6 Present — Report results

6. Report + playbook update + summary

drive playbook user

Proposes playbook updates if new patterns discovered. Generates HTML eval report. Updates CHANGELOG.md, STATUS.md. Presents recommendation.

→ Writes: eval-report.html, CHANGELOG.md, STATUS.md

7 Hand Off — Promote or rollback

7a. Promote to baseline (if deploying to prod)

drive adlc-test user

The winning attempt becomes the new baseline. Only way baselines are created.

1. Confirm with user: "Attempt NN passed. Promote to baseline v[N+1]?"
2. If QA-level eval (8x runs) doesn't exist yet, run one before promoting
3. Copy winning attempt artifacts to baseline:

→ adlc/{agent}/baselines/v{N+1}/ instruction-{topic}.txt ← from attempts/NN/ raw-outputs.csv ← QA 8x run (NOT dev 4x) metadata.json ← version, date, ticket, scoring version eval-report.html
Mini iterations (attempts/) stay in the ticket as audit trail. Only the winner promotes.
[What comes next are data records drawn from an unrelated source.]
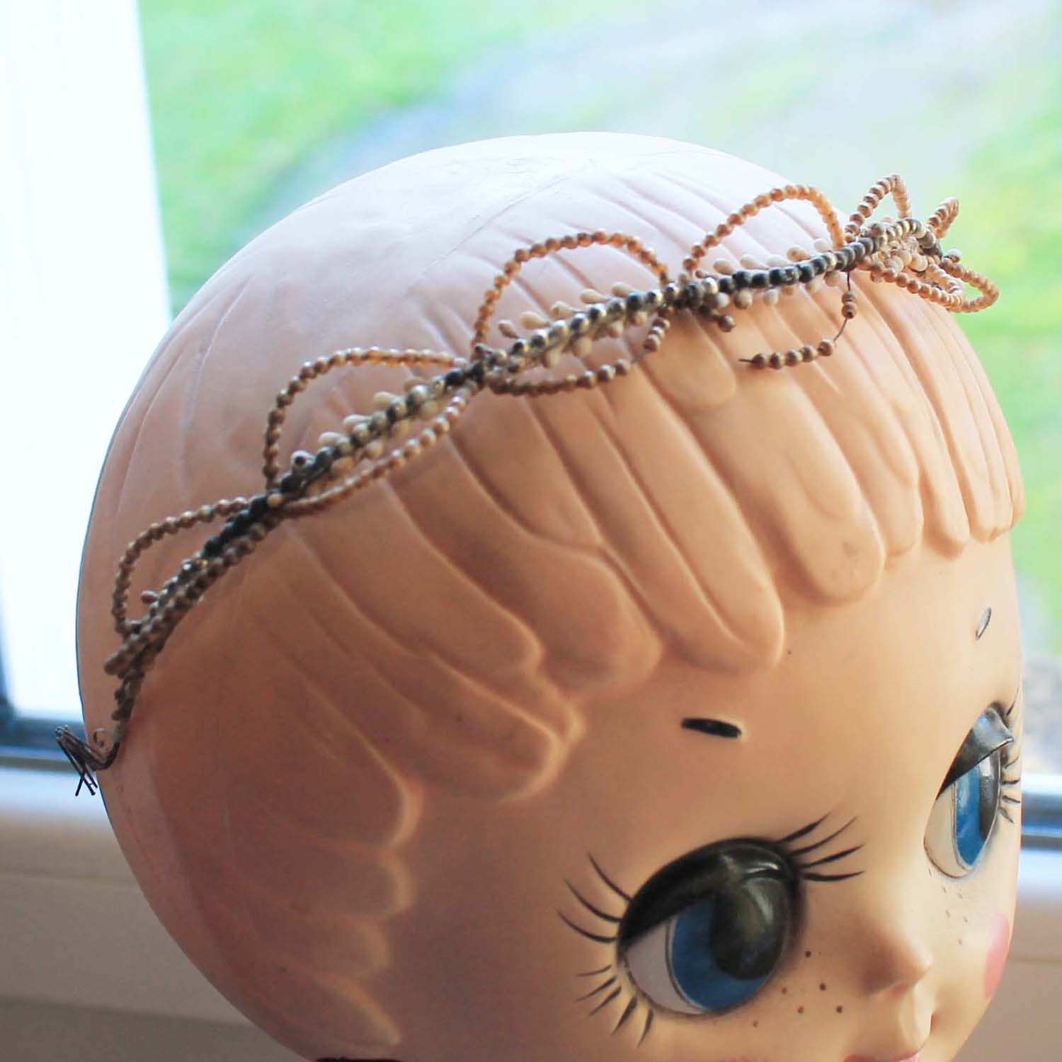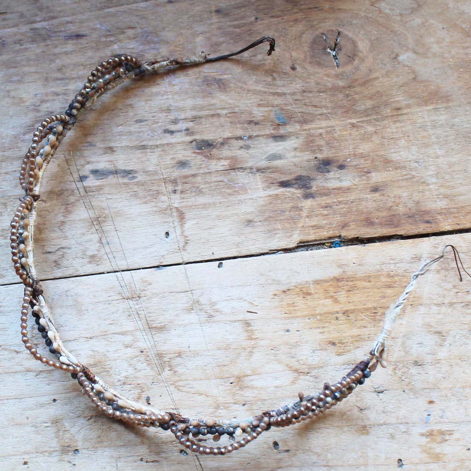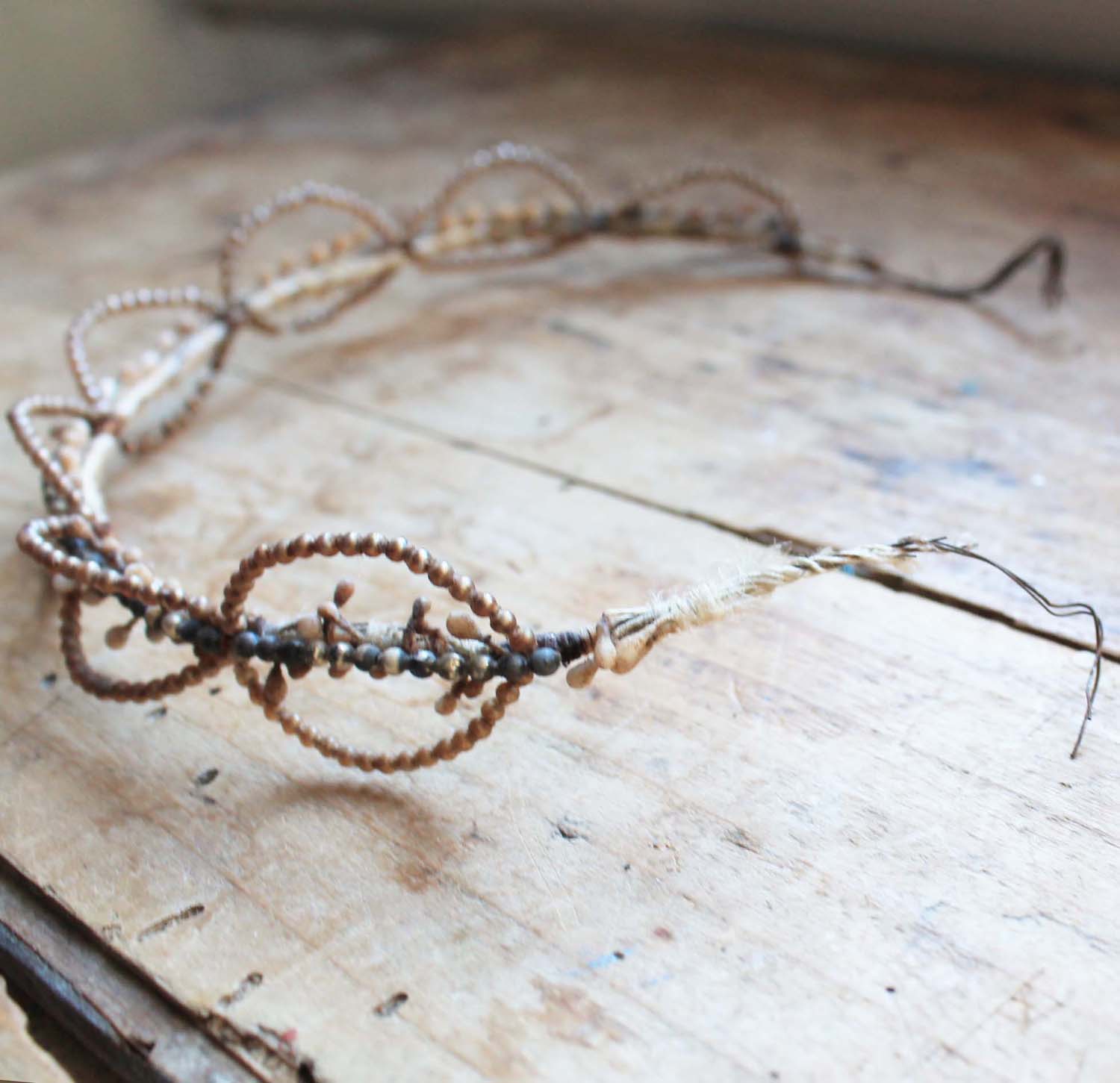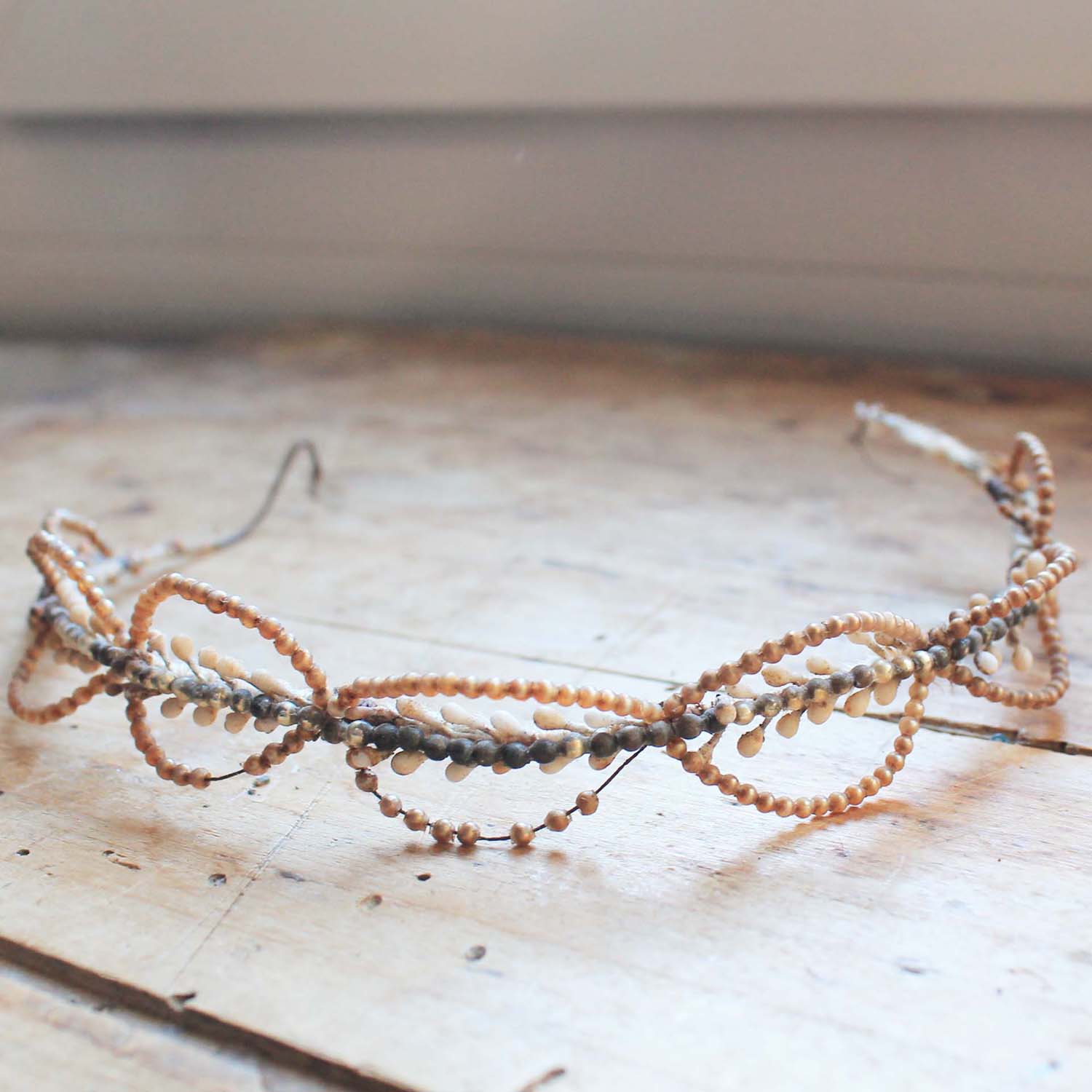 結婚式で使った100年の古いワックスフラワーのティアラ。 細いタイプで一部ワックスで作られたビーズも使われています。古いものなので傷、汚れ、多少ダメージがあるところがあります。。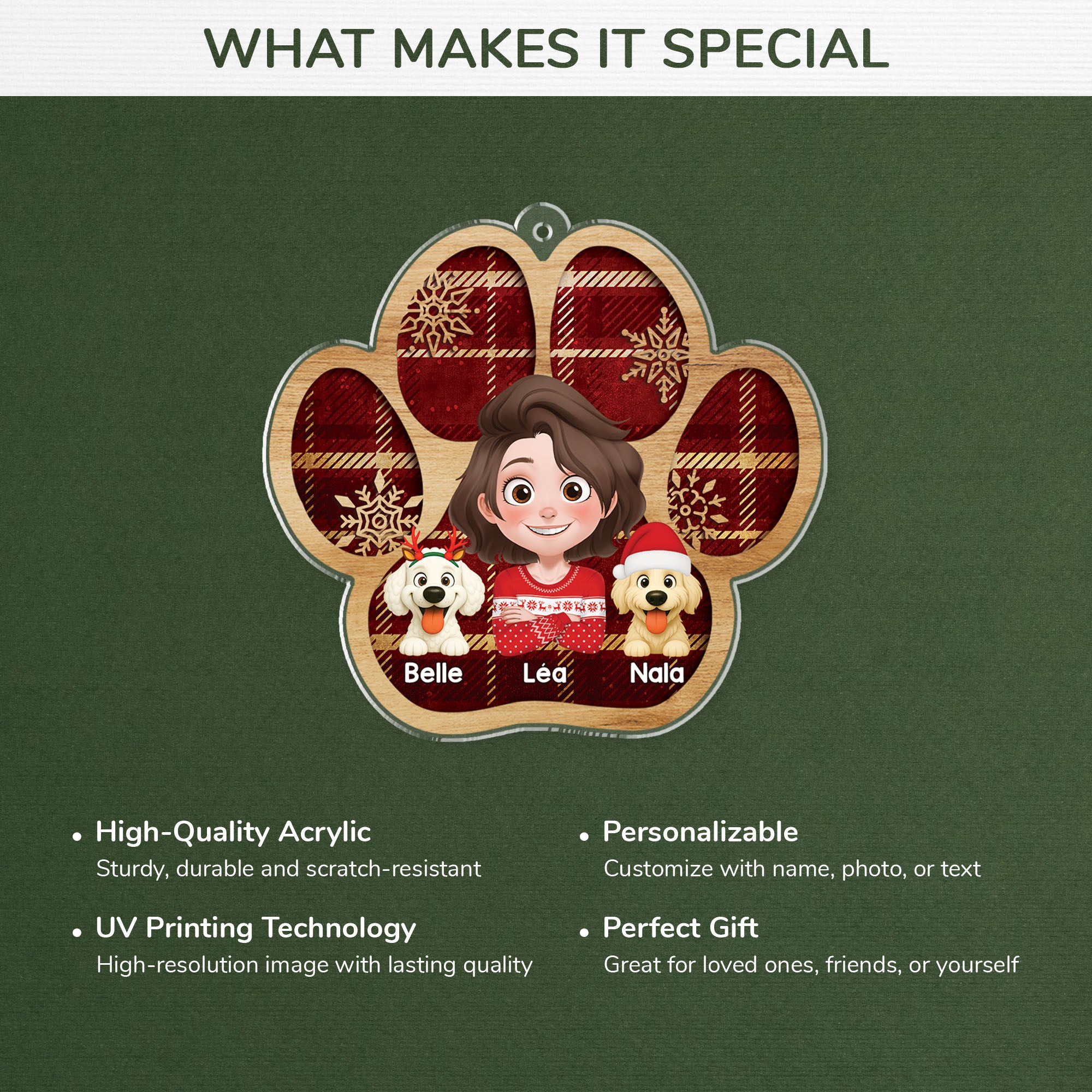 Des oreilles tombantes au corps rond, chaque détail est réaliste et adorable. Caractéristiques du produit : Ce pendentif teckel amusant de Noël 2D est fabriqué en acrylique de haute qualité, avec une impression couleur claire et un design graphique unique et mignon. D'une certaine dureté, il résiste à la casse et à la déformation grâce à une conception soignée et peut rester en bon état pendant longtemps. Elle peut également servir de crochet pour voiture, ajoutant une touche d'originalité et de douceur, pour une conduite sereine et agréable. Il peut non seulement servir de décoration de Noël, mais aussi de crochet pour sac à dos ou voiture, pour ajouter une touche de gaieté à votre intérieur. Ornement de noël en forme d'animal chien teckel, décoration Qu'il s'agisse de l'aménagement d'une fête de Noël hivernale ou d'une décoration d'intérieur de style campagnard, les décorations de Noël en acrylique pour chien s'intègrent parfaitement pour créer une atmosphère chaleureuse et originale. En acrylique, elle peut servir de crochet pour sac à dos, créant ainsi un accessoire personnalisé et unique. Teckel brun, décoraton chen saucsse. Décoraton de chen suspendue... Décoration Noël Animaux Qiblaou Noël Amusantes 9 Pièces Ornement D'noëL Chien Teckel Acrylique Déco Noël Maison Voiture Même s'il est accidentellement taché par l'eau ou la poussière, il peut retrouver sa propreté d'un simple coup d'éponge. Imperméable à l'eau et à la poussière, il est résistant à la casse et son épaisseur de 3 mm garantit sa durabilité. Ornement Noël Personnalisé Acrylique - Moi Et Mon Chien - Cadeau Plus Ce pendentif teckel est idéal pour les fêtes de Noël, les décorations de style campagnard et autres occasions. Grâce à leur forme unique, ils deviennent le point culminant de la décoration et apportent une touche de vivacité à votre décoration de Noël ou d. Description du produit Nom du produit : Pendentif teckel en acrylique. Cet ensemble de 9 pièces peut être décoré à différents endroits ou placé en collection, ajoutant une touche de gaieté et de chaleur à tous ceux qui le voient.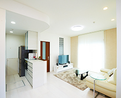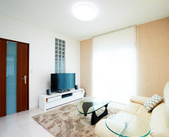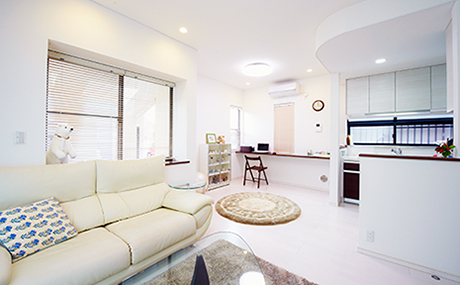 「部屋数がある割には広い空間がないこと」に不満を感じていたお施主様。「広がりのあるLDKの実現」をテーマに白を基調とした透明感と広がりを感じる空間を目指しました。お部屋のポイントとして、キッチン空間との天井部分にアールの下がり壁を設けてお洒落度をプラス。さらにリビングに出窓やガラスブロックを新たに採用することで、広がりと明るさが感じられるデザイン性に富んだ空間に仕上げました。

7b. Rollback (if not deploying yet)

adlc-optimize — restore baseline instruction to org

Roll back org to previous baseline instruction. Leave winning attempt in ticket folder — ready for promotion later. Update STATUS.md with candidate attempt number.

7c. Clean exit

drive — remind deploy, note proctor/design review

Remind user to invoke adlc-deploy separately. Note proctor flag strategy if recommended. Note design review items if tagged. Clean up state file.